Monday, December 2, 2019

Spider Baby: Where the 1940s met the 1960s

Spider Baby, or The Maddest Story Ever Told (1968)
Starring: Jill Banner, Beverly Washburn, Lon Chaney Jr., Joan Keller, Quinn Redeker, Carol Ohmart, Mary Mitchel, Karl Schanzer, Sid Haig, and Mantan Moreland
Director: Jack Hill
Rating: Seven of Ten Stars

The last remaining servant of the Merrye family, Bruno (Chaney), has spent his life caring for the three demented children (Banner, Haig, and Washburn) who are heirs to its fortune, keeping their deep psychopathies hidden and controlled. But greedy distant relatives and their lawyer (Mitchel, Ohmart, Redeker, and Schanzer) arrive to take the mansion and the money, Bruno's tentative hold on them slips... with deadly results.


"Spider Baby" is an atmospheric little movie that moves easily from horror to comedy and that amply proves the point that filmmakers don't necessarily need budgets in the hundreds of thousands to make good movies, nor does a film need to be graphic to be sexy or scary. In fact, I don't recall a scene that was more scary and sexy than the "seduction" scene between the homicidal underage vixen and wanna-be human spider Virginia and one of the dipsticks that have come to take her house and caregiver away.
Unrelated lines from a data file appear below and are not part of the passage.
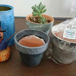 今日は幸田の木工市に行ってきました。 ハルさんのお店で買った物といただいたリメ缶とリメ鉢。何を植えようかな🌼 ハロウィンの置物はお店の飾りだったのを無理言って買わせていただきました☺☺☺ ありがとうございます😆😆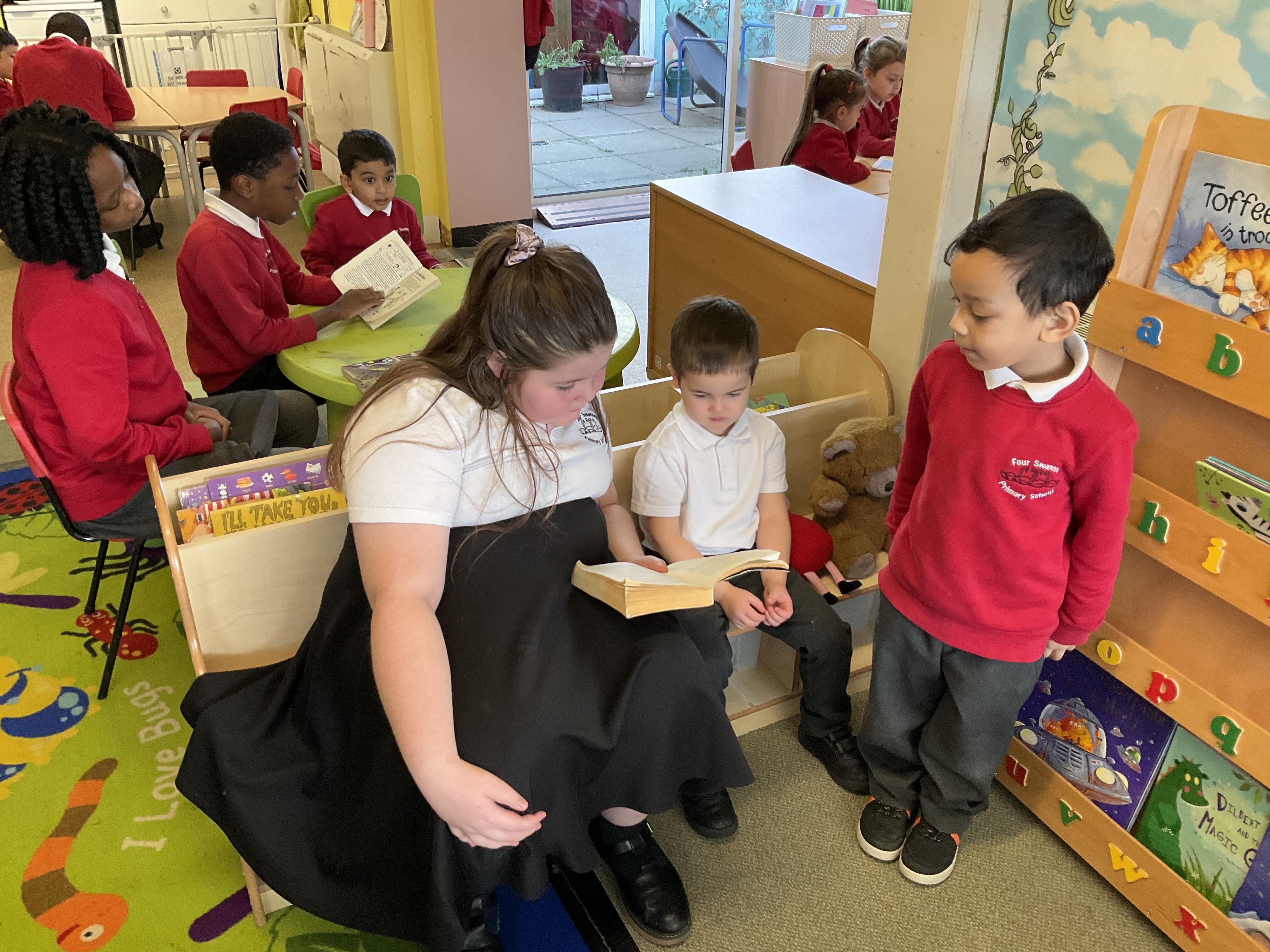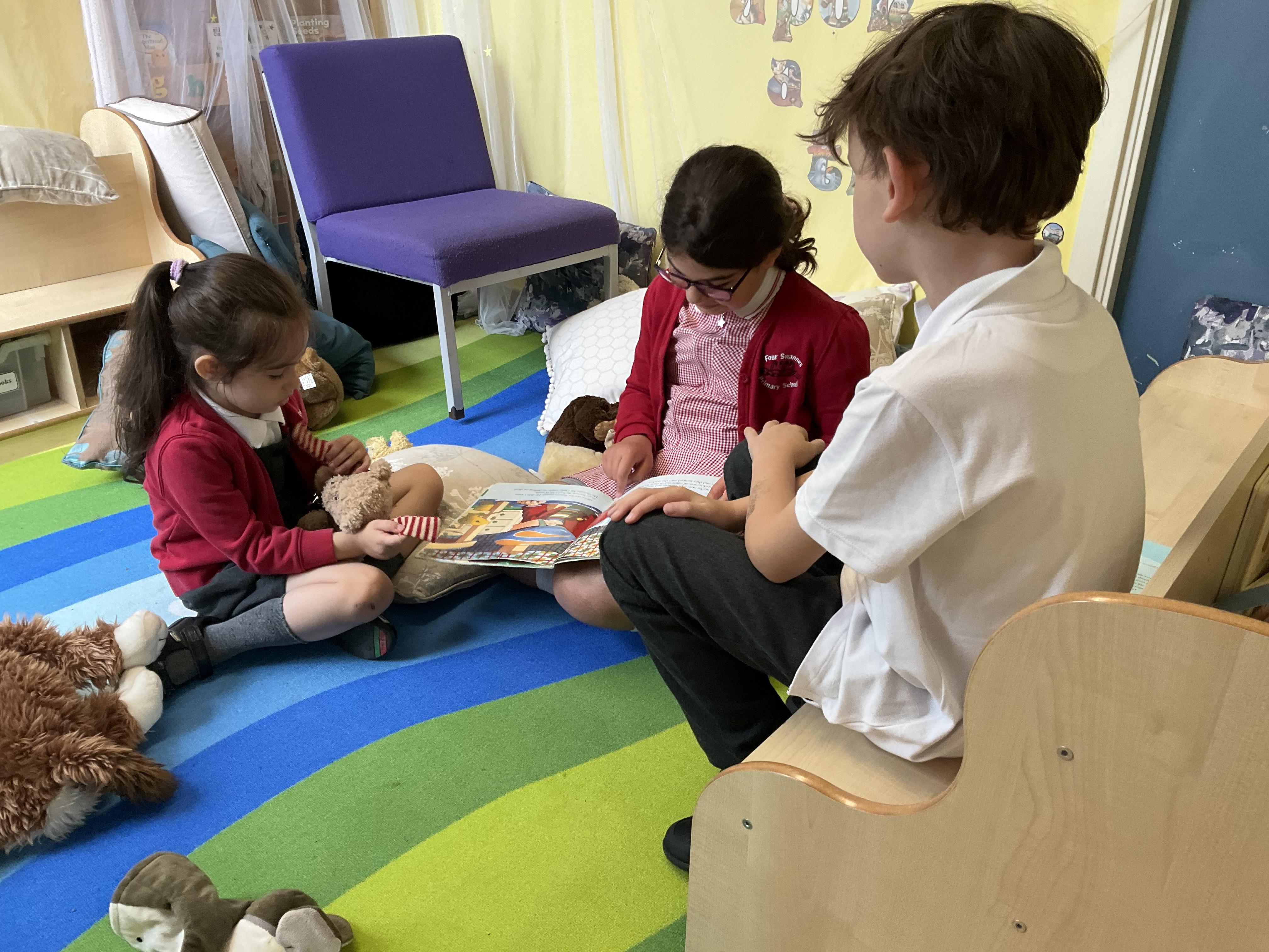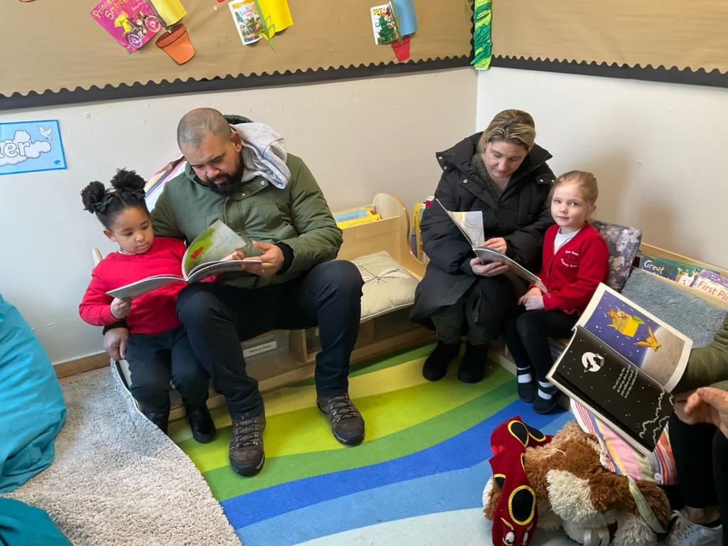 To celebrate our love of reading and books, we invited parents to join us for a special morning reading session with the children. The session began with the teacher reading a story, encouraging responses from the children and inviting them to join in with familiar parts of the text.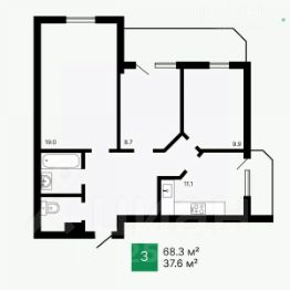 Общая площадь: 68,3 кв.м. + 2 лоджии 11,9 кв.м

Although the film suffers from uneven pacing, and the would-be explosive ending falls short of what writer/director Hill hoped for due to budget limitations, it is carried by striking performances from its young female stars, Jill Banner and Beverly Washburn, who manage to in turn be funny, sexy and scary; and from Lon Chaney Jr, who in the fading twilight of his career managed to shake off the weight of alcoholism long enough to turn in a performance that reminds viewers of the great performances he turned in during the 1940s and early 1950s. Carol Ohmart is also wonderful as a bitchy gold-digger whom viewers will delight in watching getting her come-uppence, while Mantan Moreland, in a small part, turns in performance that, like Chaney, evokes pleasant memories of the 1940s when he was at the height of his comedic powers (even if he also comes to a very creepy end).

In many ways, the film straddles cinematic time periods. It has the appearance and flavor of a quirky 1960s low-budget drive-in film, but it's not only the presence of a rejuvenated Chaney and Moreland that calls to mind the 1940s; "Spider Baby" has at its core a spirit of craziness reminiscent of Monogram Pictures horror films. The combination adds up to a movie that has a one-of-a-kind quality that more than makes up for any budget- and pacing-related shortcomings. It's a film that any lover of B-movie classics needs to experience.